▶

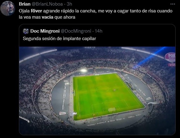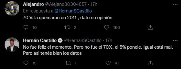 “No importa la capacidad si no la podes llenar. Datos no opinión”, fue otro de los comentarios que recibió el periodista. “Porque la llena muy de vez en cuando, ¿no? Por favor”, ironizó Castillo. Una nueva jornada de debate y chicanas en Twitter de la que Castillo no quiso quedarse afuera.
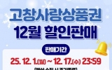 고창 박인석 기자2025. 12.01[AI 호남뉴스]고창군이 연말 지역 소비 촉진과 소상공인 매출 증대를 위해 12월 고창사랑상품권을 최대 15% 할인율로 판매한다고 1일 밝혔다. 15% 할인판매는 구매 시 선할인 10%를 제공하고, 고창사랑카드 사용 시 결제금액의 5%를 캐시백으로 추가 지급하는 방식이다. 군은 이를 통해 군민들에게 실질적인 소비 혜택을 제공하고, 지역 상권 활성화에도 기여할 것으로 기대하고 있다. 이번 12월 할인판매는 고창사랑카드는 12월17일 자정 전까지, 지류상품권의 경우 12월12일 오후 4시까지 구매할 수 있다. 지류상품권은 기...
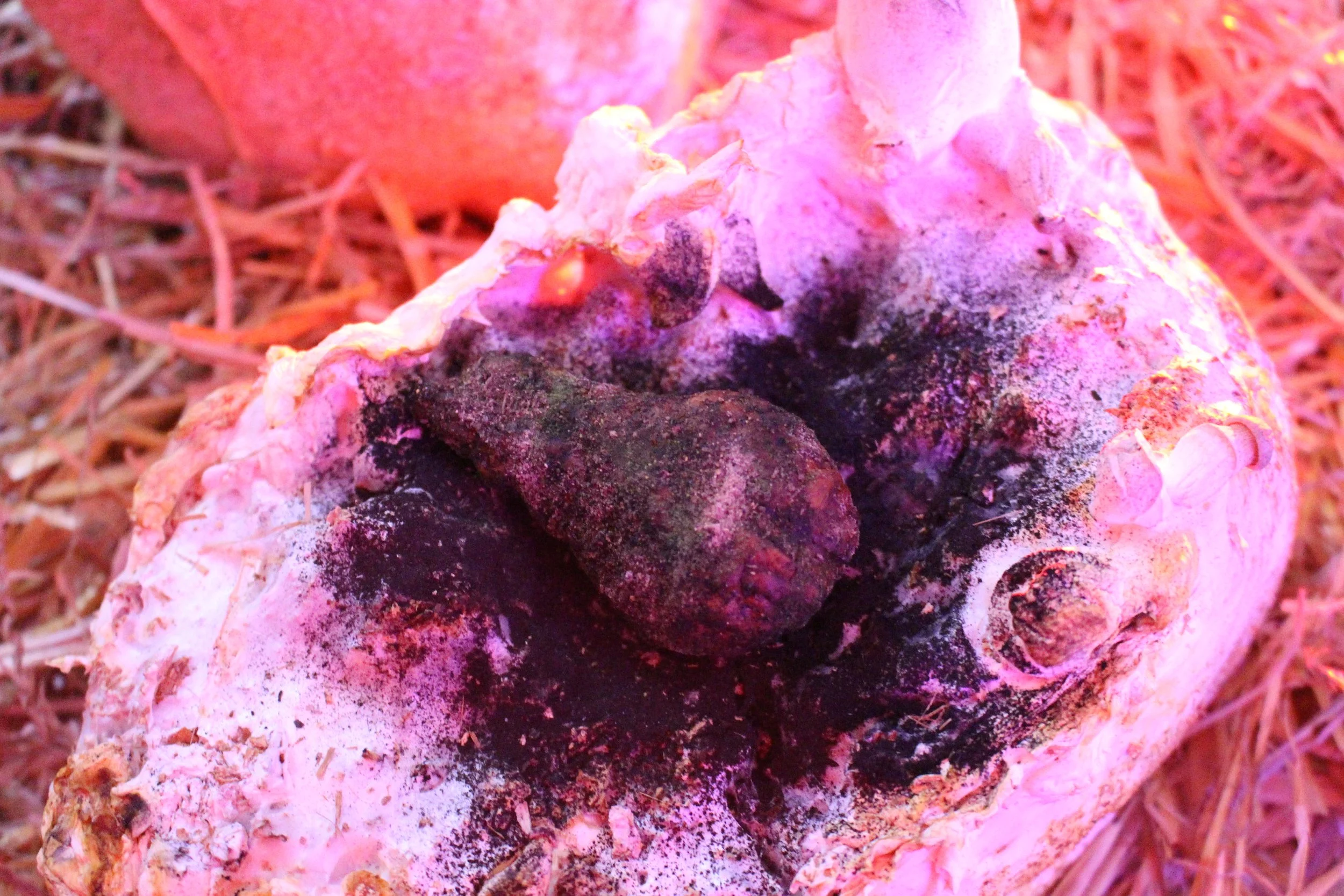You gingerly pick one up nestled among some mushrooms on one of the mycelium blocks. It fits in the palm of your hand, and is surprisingly heavy. You smell it—deep, foresty aromas, with an enticing savouriness. You tentatively take a bite. A crisp vegetal shell yields to your teeth which sink through to something soft, dense, and rich. Pleasing notes of mushroom fill your mouth and nose, cut through with a hint of fruity acidity. You take another bite, more confident this time, enjoying the moreish morsel with gusto. You look around you—your group are similarly enjoying their finds, some slightly bewildered, some entranced.
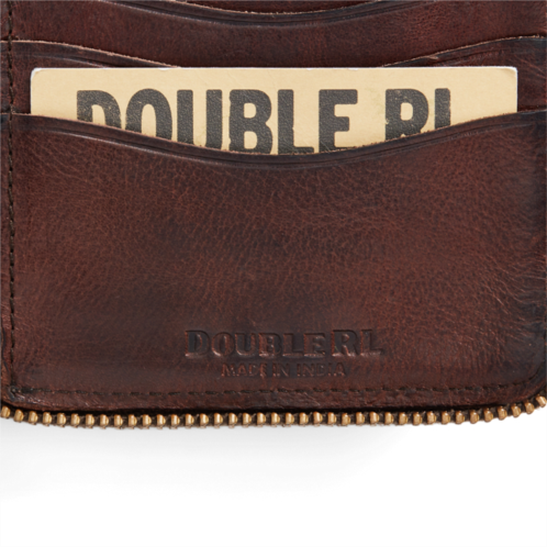 * Zip-around closure with a leather zipper pull.
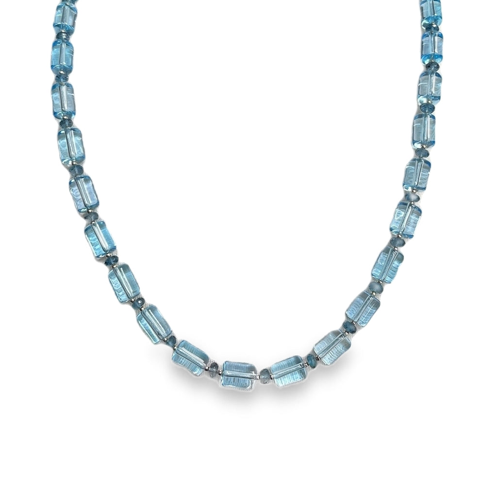This beautifully attractive blue topaz necklace features bright Swiss blue topaz tubular beads paired with rich faceted London Blue topaz and 14k yellow gold accents. The Swiss blue topaz beads have bright crystal blue color and measure 7/16" in length. London blue topaz rondels provide striking pops of color that are highlighted by petite 14k yellow gold beads and the striking, elongated 14k yellow gold clasp. Wonderfully versatile for everyday and special occasions, the longer 23.5 inch length is easy to layer with other pieces and perfect for everything from summer dresses to winter turtlenecks! A beautiful addition for your fine jewelry wardrobe!

◀

TRY IT
Keep the pictures out, and write out the rest of the data above word for word.

EXPECTED ANSWER
 “No importa la capacidad si no la podes llenar. Datos no opinión”, fue otro de los comentarios que recibió el periodista. “Porque la llena muy de vez en cuando, ¿no? Por favor”, ironizó Castillo. Una nueva jornada de debate y chicanas en Twitter de la que Castillo no quiso quedarse afuera.
 고창 박인석 기자2025. 12.01[AI 호남뉴스]고창군이 연말 지역 소비 촉진과 소상공인 매출 증대를 위해 12월 고창사랑상품권을 최대 15% 할인율로 판매한다고 1일 밝혔다. 15% 할인판매는 구매 시 선할인 10%를 제공하고, 고창사랑카드 사용 시 결제금액의 5%를 캐시백으로 추가 지급하는 방식이다. 군은 이를 통해 군민들에게 실질적인 소비 혜택을 제공하고, 지역 상권 활성화에도 기여할 것으로 기대하고 있다. 이번 12월 할인판매는 고창사랑카드는 12월17일 자정 전까지, 지류상품권의 경우 12월12일 오후 4시까지 구매할 수 있다. 지류상품권은 기...
You gingerly pick one up nestled among some mushrooms on one of the mycelium blocks. It fits in the palm of your hand, and is surprisingly heavy. You smell it—deep, foresty aromas, with an enticing savouriness. You tentatively take a bite. A crisp vegetal shell yields to your teeth which sink through to something soft, dense, and rich. Pleasing notes of mushroom fill your mouth and nose, cut through with a hint of fruity acidity. You take another bite, more confident this time, enjoying the moreish morsel with gusto. You look around you—your group are similarly enjoying their finds, some slightly bewildered, some entranced.
 * Zip-around closure with a leather zipper pull.
This beautifully attractive blue topaz necklace features bright Swiss blue topaz tubular beads paired with rich faceted London Blue topaz and 14k yellow gold accents. The Swiss blue topaz beads have bright crystal blue color and measure 7/16" in length. London blue topaz rondels provide striking pops of color that are highlighted by petite 14k yellow gold beads and the striking, elongated 14k yellow gold clasp. Wonderfully versatile for everyday and special occasions, the longer 23.5 inch length is easy to layer with other pieces and perfect for everything from summer dresses to winter turtlenecks! A beautiful addition for your fine jewelry wardrobe!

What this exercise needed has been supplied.